Norouzi Armin, Shahpouri Saeid, Gordon David, Shahbakhti Mahdi, Koch Charles Robert
Department of Mechanical Engineering, University of Alberta, Edmonton, AB, Canada.
Proc Inst Mech Eng Part I J Syst Control Eng. 2023 Sep;237(8):1440-1453. doi: 10.1177/09596518231153445. Epub 2023 Feb 17.

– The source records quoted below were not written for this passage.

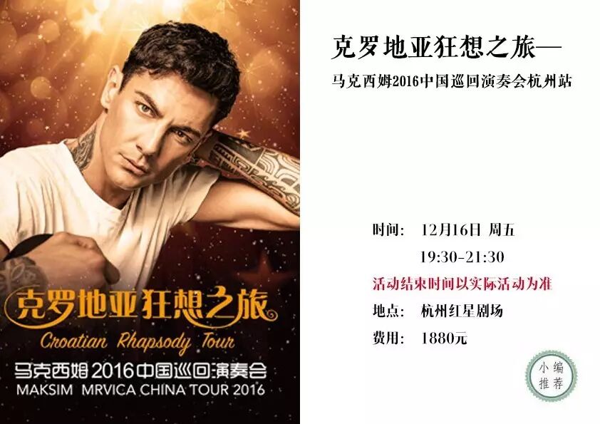 钢琴家马克西姆的中国巡演“克罗地亚狂想曲演奏会”也值得一去。这位钢琴家外表英俊、造型时尚,还是个电子钢琴演奏天才。他特立独行,喜欢将古典曲目与现代元素结合,常常穿一身狂野劲装,像极了流行偶像歌手。迷妹们可以骚动起来了……
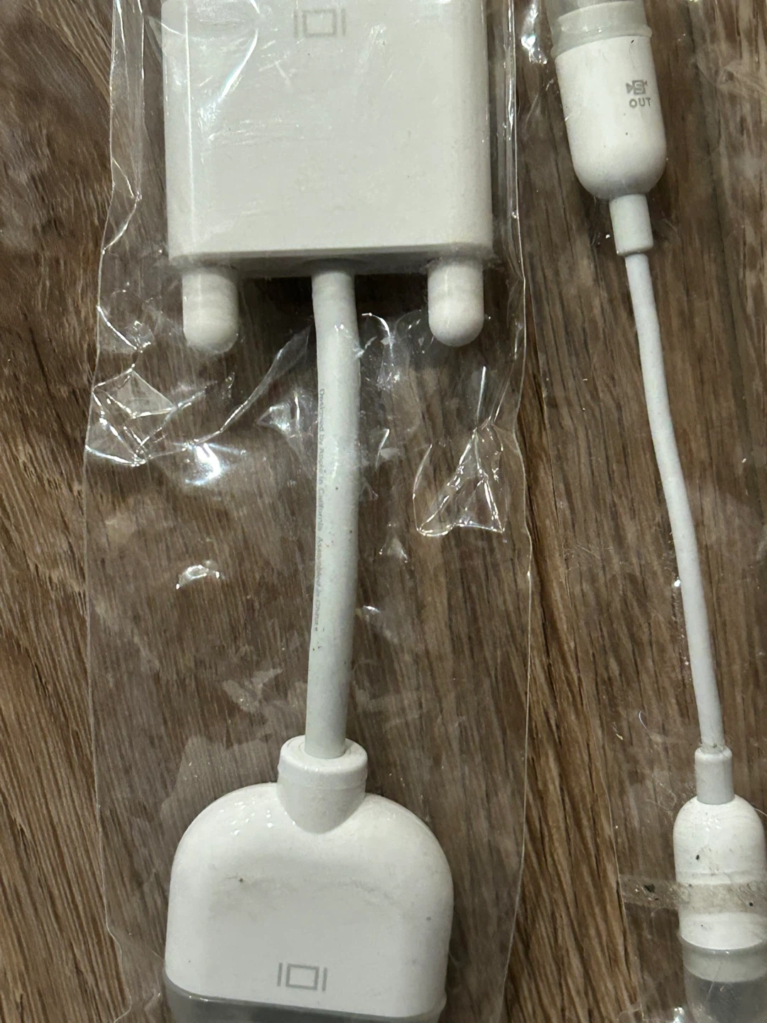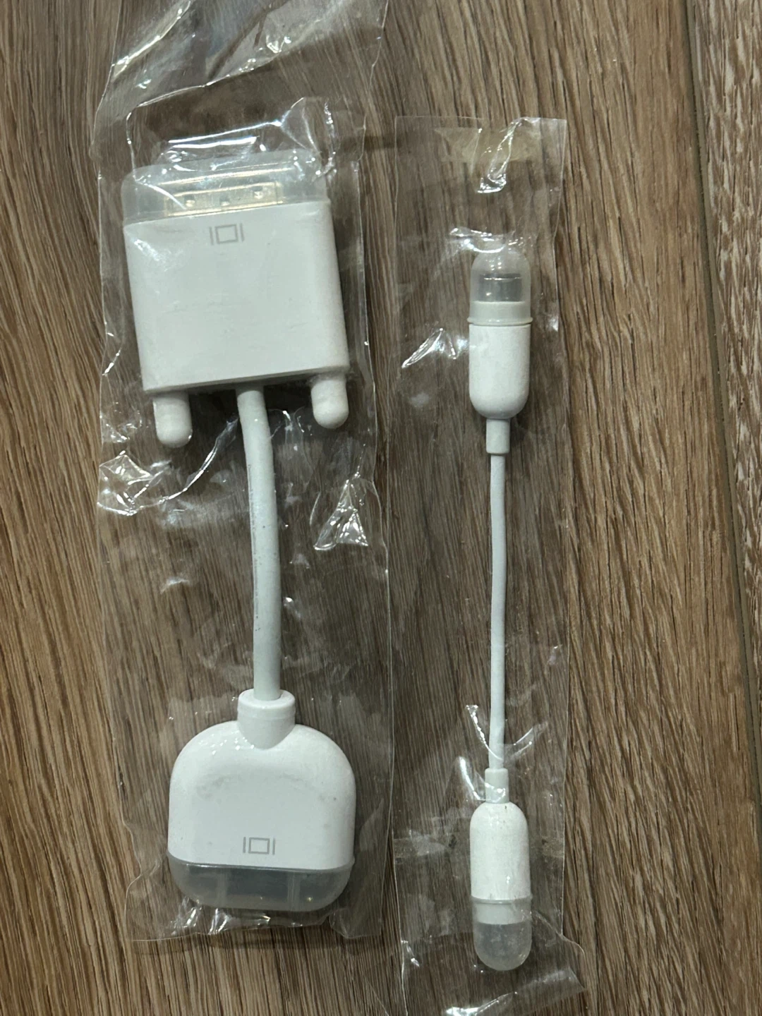 Selling two Apple adapters: a DVI adapter and a Composite AV adapter. Both are in their original packaging.
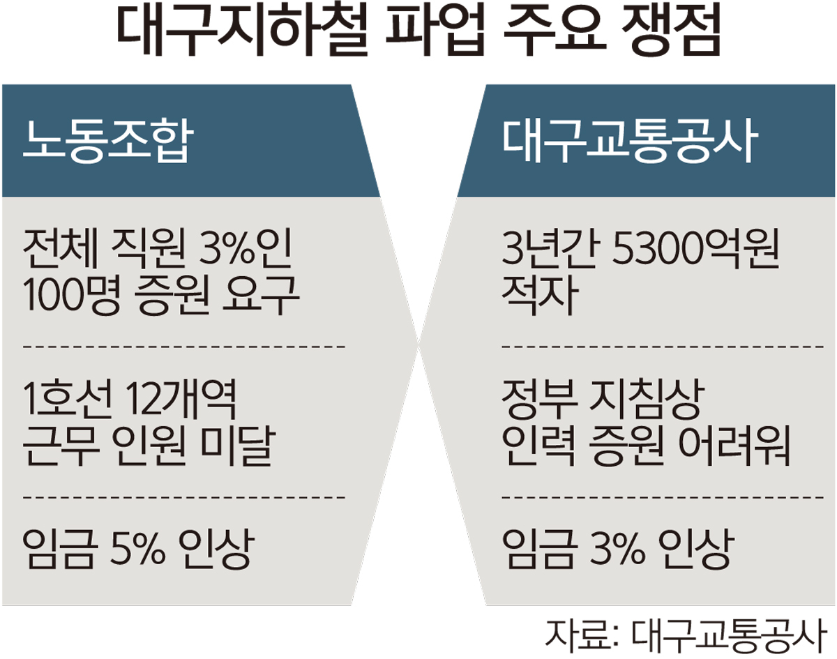 반면, 사측은 최근 3년간 도시철도 누적 적자만 5300억원에 달하고, 정원 확대는 대구시 승인 사항이라 용역을 통해 정확한 증원 규모부터 파악하자는 입장을 고수하고 있어 문제해결이 쉽지 않을 것으로 보인다. 공사 관계자는 “위법부당 파업행위에 대해서는 엄중 대응해 나갈 방침”이라고 밝혔다.
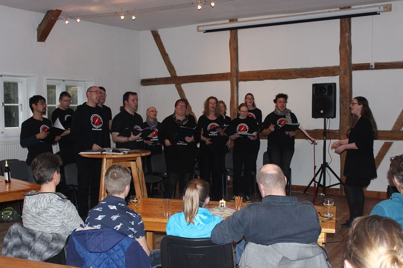 Es waren klassische Adventslieder wie "Macht hoch die Tür" und "Es ist ein Ros entsprungen" im Gesangswechsel mit der Gemeinde aber auch wunderbare Chorlieder von Crüger, Mozart, Walz, Händel u. a. zu hören.
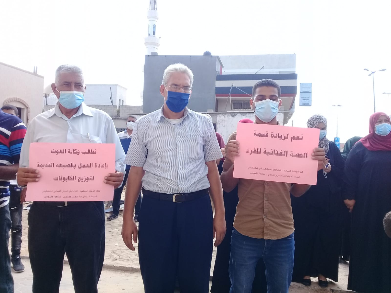 نظمت كتلة الوحدة العمالية واتحاد لجان العمل النسائي الفلسطيني سلسلة اعتصامات أمام مقرات وكالة غوث وتشغيل اللاجئين الفلسطينيين "أونروا" بالمعسكر الغربي ومنطقة معن وعبسان الجديدة والكبيرة بمحافظة خانيونس ومكتب مدير عمليات الوكالة بالمنطقة الجنوبية، لرفض الآلية الجديدة للوكالة بتوزيع المساعدات الغذائية.
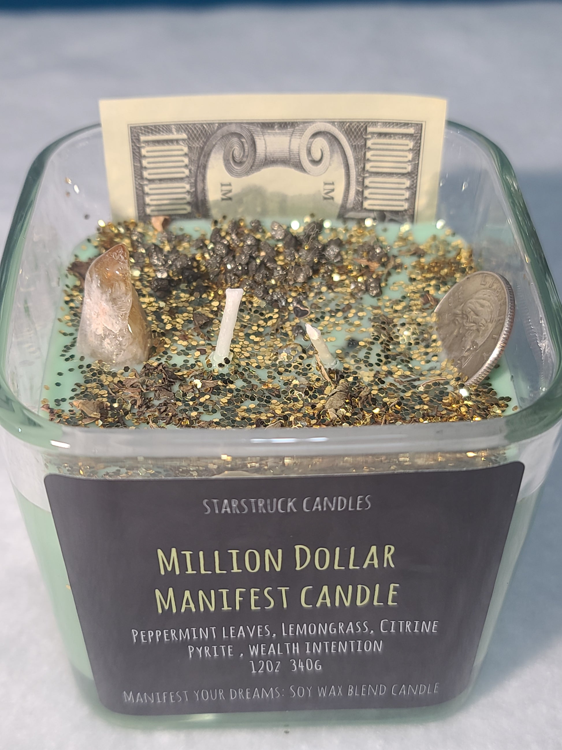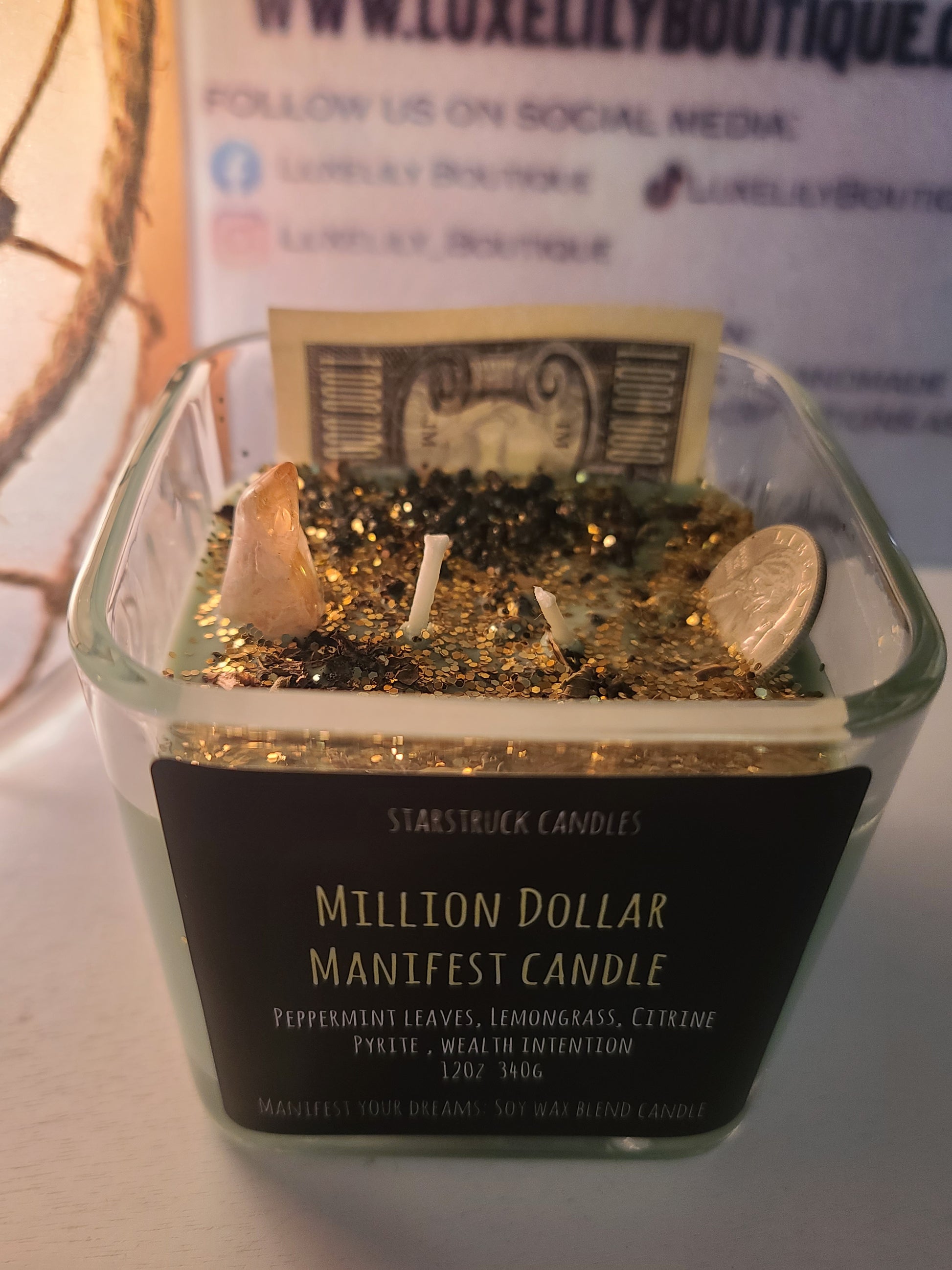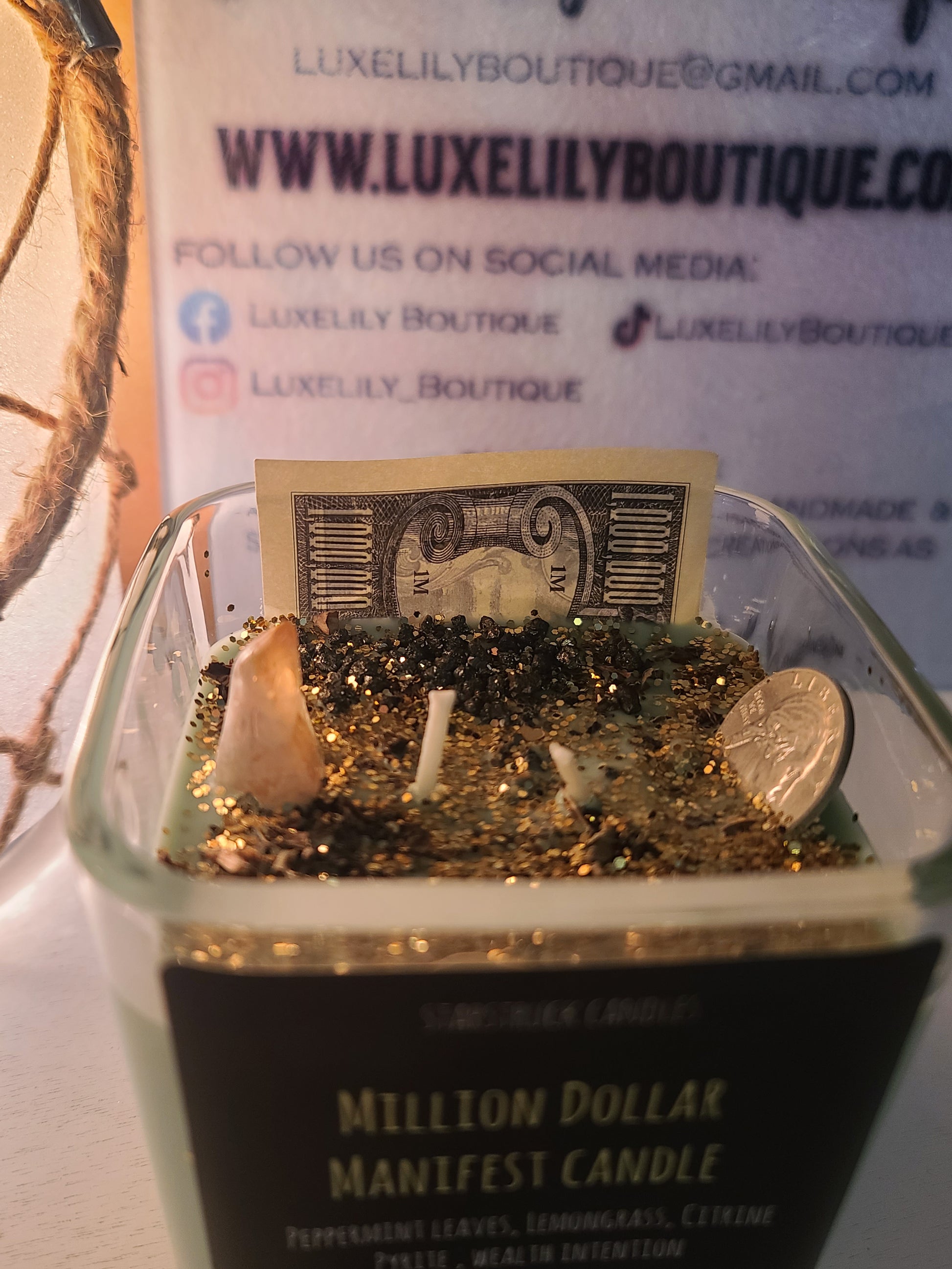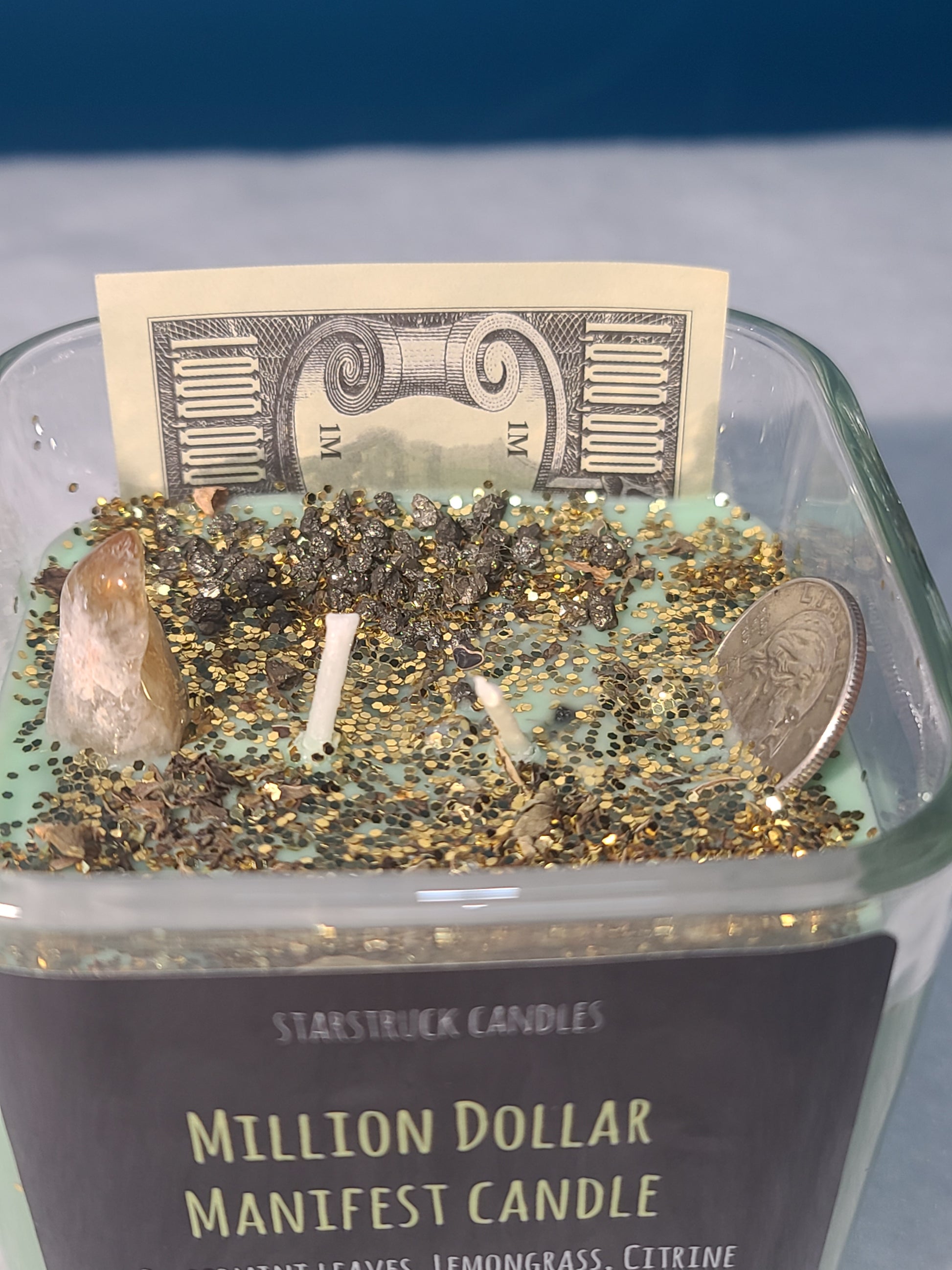 Manifest financial success, prosperity, and positive energy with the Million Dollar Crystal Manifest Money Intention Soy Candle, infused with citrine crystals and lemongrass essential oil. This hand-poured soy wax candle is designed to help you attract wealth, amplify abundance intentions, and align with financial growth. Whether you’re setting money affirmations, meditating on success, or practicing the Law of Attraction, this candle enhances your manifestation journey.

A deep reinforcement learning application is investigated to control the emissions of a compression ignition diesel engine. The main purpose of this study is to reduce the engine-out nitrogen oxide emissions and to minimize fuel consumption while tracking a reference engine load. First, a physics-based engine simulation model is developed in GT-Power and calibrated using experimental data. Using this model and a GT-Power/Simulink co-simulation, a deep deterministic policy gradient is developed. To reduce the risk of an unwanted output, a safety filter is added to the deep reinforcement learning. Based on the simulation results, this filter has no effect on the final trained deep reinforcement learning; however, during the training process, it is crucial to enforce constraints on the controller output. The developed safe reinforcement learning is then compared with an iterative learning controller and a deep neural network-based nonlinear model predictive controller. This comparison shows that the safe reinforcement learning is capable of accurately tracking an arbitrary reference input while the iterative learning controller is limited to a repetitive reference. The comparison between the nonlinear model predictive control and reinforcement learning indicates that for this case reinforcement learning is able to learn the optimal control output directly from the experiment without the need for a model. However, to enforce output constraint for safe learning reinforcement learning, a simple model of system is required. In this work, reinforcement learning was able to reduce emissions more than the nonlinear model predictive control; however, it suffered from slightly higher error in load tracking and a higher fuel consumption.
研究了一种深度强化学习应用,用于控制压缩点火式柴油发动机的排放。本研究的主要目的是在跟踪参考发动机负荷的同时,减少发动机尾气中的氮氧化物排放,并使燃料消耗最小化。首先,在GT-Power中开发了一个基于物理的发动机仿真模型,并使用实验数据进行校准。利用该模型和GT-Power/Simulink联合仿真,开发了深度确定性策略梯度。为了降低出现意外输出的风险,在深度强化学习中添加了一个安全滤波器。基于仿真结果,该滤波器对最终训练的深度强化学习没有影响;然而,在训练过程中,对控制器输出施加约束至关重要。然后将所开发的安全强化学习与迭代学习控制器和基于深度神经网络的非线性模型预测控制器进行比较。该比较表明,安全强化学习能够准确跟踪任意参考输入,而迭代学习控制器仅限于重复参考。非线性模型预测控制与强化学习之间的比较表明,对于这种情况,强化学习能够直接从实验中学习最优控制输出,而无需模型。然而,为了对安全学习强化学习施加输出约束,需要一个简单的系统模型。在这项工作中,强化学习比非线性模型预测控制能够更多地减少排放;然而,它在负荷跟踪方面存在稍高的误差,且燃料消耗更高。